Same Team, New Tricks

Michael Avila ·

I am writing this to explore the following line of thought:

  • We can increase the value we generate without expanding our talent pool
  • Improving quality creates the most value
  • Inflexibility keeps us from improving
  • Ignoring queues is the primary cause of our inflexibility
  • Kanban is the method for managing our queues
  • Once flexibility exists, we can use it to add value by increasing quality

I will be exploring this in two major sections. The first will describe why flexibility matters. The second will prescribe a possible solution: Kanban. Get comfortable, this post is a little long.

Why Flexibility Matters

Writing software is a social activity. All aspects of the software we produce are inextricably tied to the people involved in its design and their interactions when designing it. (We call this idea Conway’s Law.) Essentially, the solution at any time is an emergent property of the team. Changing this provisional solution sometimes requires changing the team itself. Of course, change is common, making organizational flexibility particularly important.

Being a flexible organization means having the right people available at the right time to solve the right problems. Especially when those problems were not planned for. It means increasing quality opportunistically. Not only when we have time scheduled for it. Everyone benefits the closer we come to this ideal. More often than not, though, organizations lack this kind of flexibility, along with the quality that can come with it.

Unchecked, inflexibility causes us to do inferior work by squandering our own talent. If we miss opportunities to increase quality, then the work is inferior compared to what it could have been. It does not matter whether we passed on the opportunity or missed the opportunity completely, everyone loses.

Understandably, we have a difficult time measuring the value lost by what we have missed or passed on. Less acceptable, however, is allowing this to take our attention away from what our inflexibility ultimately costs us: organizational-actualization.

Where Inflexibility Comes From

Work takes time to complete, including time spent waiting in what we call queues. Lead time is the name we give to this total amount of time. Queues increase lead time because work has to wait in them. Longer queues result in longer lead times. Longer lead times result in decreased responsiveness, quality, and motivation.

  • decreased responsiveness because people have work to get done before they can give you or your problem any attention
  • decreased quality because decreased responsiveness prevents getting help when it is needed, and the longer work waits in a queue the more likely it will need rework, putting work back through the process (reworking) can further decrease quality
  • decreased motivation because being busy making low quality software sucks

We want short lead times and high quality. Better work, faster.

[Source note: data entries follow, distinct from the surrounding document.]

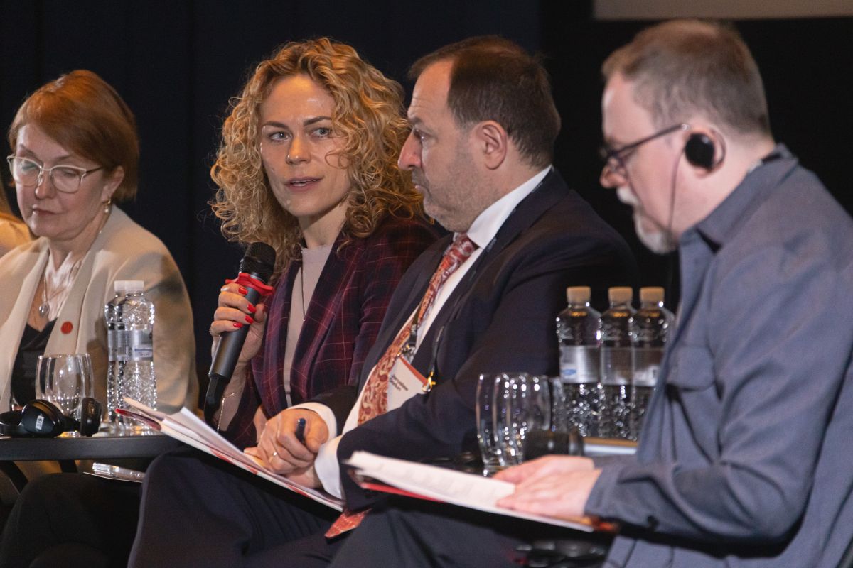 Заступник Міністра культури України Іван Вербицький та заступниця Голови Комітету Верховної Ради з питань гуманітарної та інформаційної політики Євгенія Кравчук підкреслили виклики, з якими зіштовхуються сьогодні представники культурної сфери у зв’язку з воєнними діями та терористичними атаками агресора, одна з яких відбулася напередодні відкриття конференції.
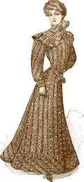 Very high-end peignoirs were occasionally sold with sheer long gloves and stockings made of the same material as the peignoir itself for wear to bed or on occasions where the wearer would be seen in her nightclothes, such as visiting or while sharing accommodations during travel during the mid-19th to mid 20th centuries. Contemporary peignoirs are usually sold with matching nightgown or panties.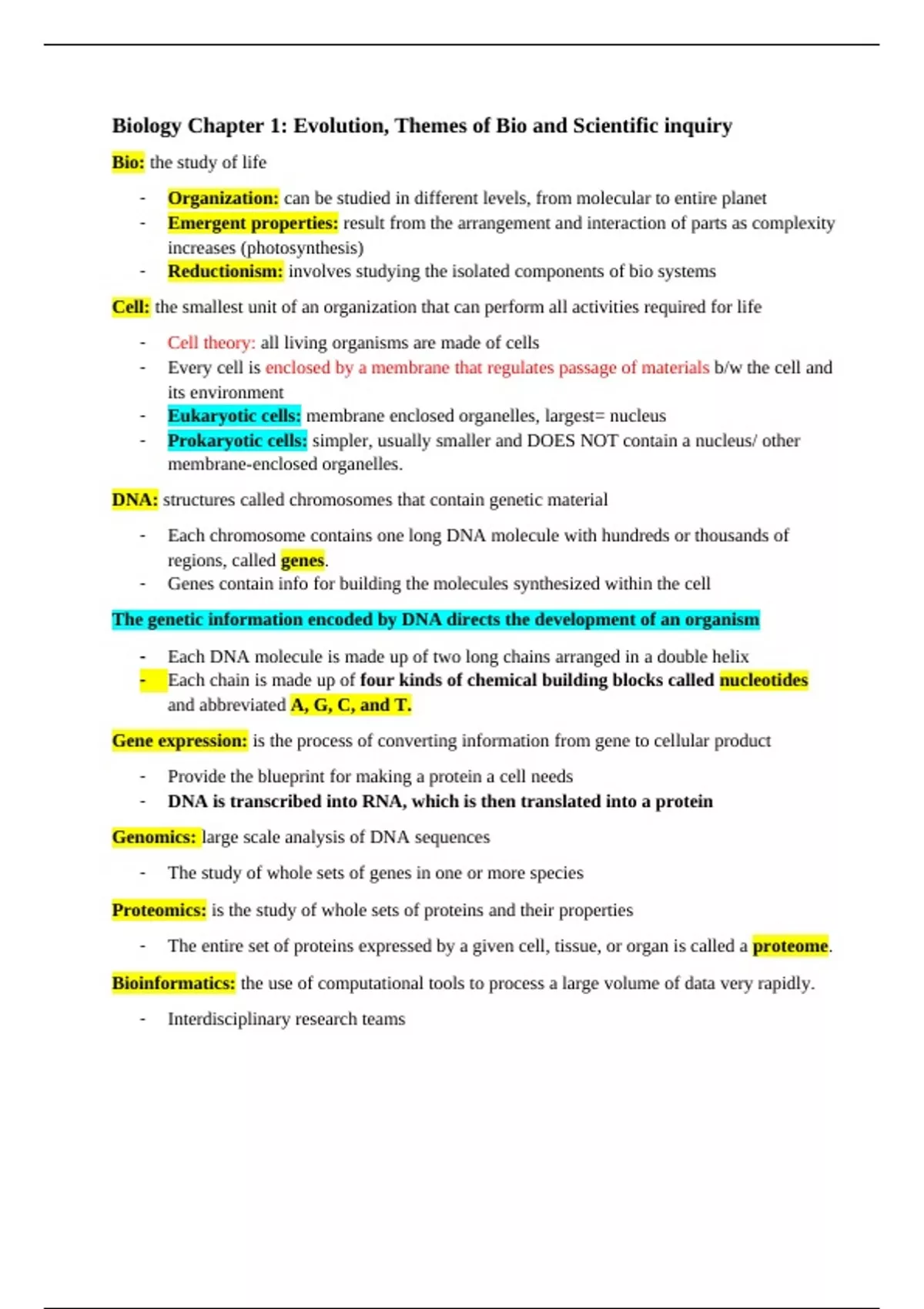 Biology Chapter 1: Evolution, Themes of Bio and Scientific inquiry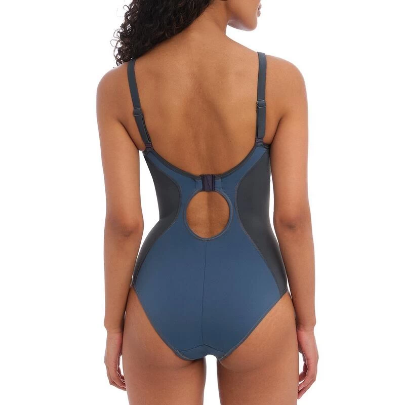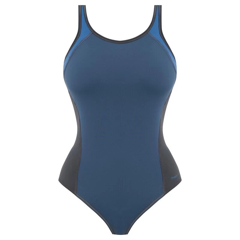 - Ingebouwde beha om je de steun te geven die je nodig hebt.- Gevoelige, sneldrogende stof ontworpen om chloor en tijd te weerstaan.- Voorgevormde cup met beugel- Verstelbare en afneembare bandjes- Beugel die bestand is tegen doorprikken- Zachte, stijve simplex binnenschalen voor optimale steun en comfort Het Freestyle denim eendelig sport zwempak van Freya Active biedt uitstekende ondersteuning, zelfs voor grote borsten! Dit zwempak heeft een beugelbeha met voorgevormde cups die volledig onzichtbaar is. Het heeft verstelbare bandjes op de rug, die al dan niet gekruist kunnen worden. Wij houden van het comfort en de efficiëntie van dit zwempak dat het figuur verfijnt.[Als Europees merk garandeert de fabrikant, Freya Active een product van hoge kwaliteit met een lange levensduur en een zorgvuldige afwerking.

The prevailing method for keeping profitable is ensuring that work keeps coming in and people are kept busy working on it. If you’re paying someone to do something and they’re not, then you are losing money. In this way, it is easy to quantify the cost of having talent wait around doing nothing. But, what does it cost to have work waiting around not being worked on? The answer is our flexibility.

The Effects of Queues

Imagine, for a moment, an organization that has no members. As work comes in, it queues, resulting in an indefinite lead time. If we want to prevent work from sitting in this queue forever we have to bring someone in to work on it. Meet Alice, our first member – she gets work done. Lead time is now some definite number. Work might still queue up, but now we have confidence that, given enough time, Alice will complete it.

If Alice is completing work faster than new work is arriving, then Alice has to wait. If Alice is working on something when new work arrives, then the new work has to wait. Either way, as long as work or people exist, something, somewhere in the organization is waiting. This is why we will never see lead times of zero.

Let’s change the arrival rate for work coming into the organization to the chaotic rate we experience in practice. Everything from sudden influxes to complete starvations of work. We need to deal with this unpredictable arrival pattern, it is plain unsustainable. Meet Bob, our second member – he manages the arrival of work.

Bob has two jobs. First, he prevents Alice from becoming starved for work, which is the type of thing a sales or account person usually does. Second, he deals with influxes of work, which is the type of thing a manager usually does. The point is that the work no longer goes straight to Alice. Work still queues up in front of Alice, but only at the rate it leaves Bob. Not the unpredictable rate that work comes into the organization itself, which is why we call this queue between Bob and Alice a buffer.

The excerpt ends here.